# Data records:
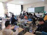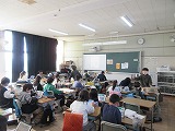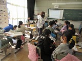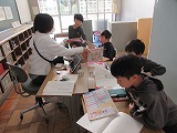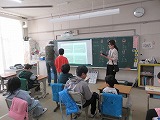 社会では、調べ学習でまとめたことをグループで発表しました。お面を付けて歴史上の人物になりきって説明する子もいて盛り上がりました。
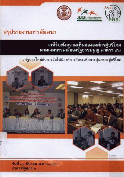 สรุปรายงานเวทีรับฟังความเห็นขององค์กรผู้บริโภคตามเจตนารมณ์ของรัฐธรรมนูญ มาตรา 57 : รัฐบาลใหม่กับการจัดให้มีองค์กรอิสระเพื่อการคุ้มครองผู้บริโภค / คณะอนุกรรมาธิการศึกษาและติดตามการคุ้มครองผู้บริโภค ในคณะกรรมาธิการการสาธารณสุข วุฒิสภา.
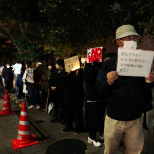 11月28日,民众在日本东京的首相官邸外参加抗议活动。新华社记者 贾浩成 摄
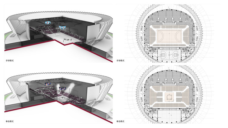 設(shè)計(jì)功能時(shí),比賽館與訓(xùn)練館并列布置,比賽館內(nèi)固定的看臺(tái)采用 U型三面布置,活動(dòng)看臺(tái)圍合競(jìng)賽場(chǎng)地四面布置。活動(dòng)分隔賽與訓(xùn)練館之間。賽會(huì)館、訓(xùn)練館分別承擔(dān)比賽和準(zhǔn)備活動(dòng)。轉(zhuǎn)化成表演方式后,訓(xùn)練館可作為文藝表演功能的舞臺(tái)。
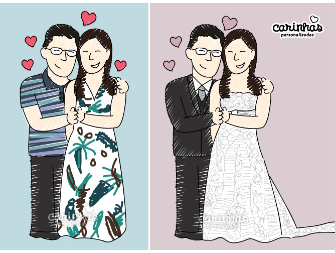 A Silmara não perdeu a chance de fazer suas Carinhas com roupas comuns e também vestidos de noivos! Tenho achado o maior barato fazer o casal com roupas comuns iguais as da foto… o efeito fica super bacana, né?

# Task item:
The answer must be a word-for-word copy of all the entries, containing no pictures.

# Result of this task:
 社会では、調べ学習でまとめたことをグループで発表しました。お面を付けて歴史上の人物になりきって説明する子もいて盛り上がりました。
 สรุปรายงานเวทีรับฟังความเห็นขององค์กรผู้บริโภคตามเจตนารมณ์ของรัฐธรรมนูญ มาตรา 57 : รัฐบาลใหม่กับการจัดให้มีองค์กรอิสระเพื่อการคุ้มครองผู้บริโภค / คณะอนุกรรมาธิการศึกษาและติดตามการคุ้มครองผู้บริโภค ในคณะกรรมาธิการการสาธารณสุข วุฒิสภา.
 11月28日,民众在日本东京的首相官邸外参加抗议活动。新华社记者 贾浩成 摄
 設(shè)計(jì)功能時(shí),比賽館與訓(xùn)練館并列布置,比賽館內(nèi)固定的看臺(tái)采用 U型三面布置,活動(dòng)看臺(tái)圍合競(jìng)賽場(chǎng)地四面布置。活動(dòng)分隔賽與訓(xùn)練館之間。賽會(huì)館、訓(xùn)練館分別承擔(dān)比賽和準(zhǔn)備活動(dòng)。轉(zhuǎn)化成表演方式后,訓(xùn)練館可作為文藝表演功能的舞臺(tái)。
 A Silmara não perdeu a chance de fazer suas Carinhas com roupas comuns e também vestidos de noivos! Tenho achado o maior barato fazer o casal com roupas comuns iguais as da foto… o efeito fica super bacana, né?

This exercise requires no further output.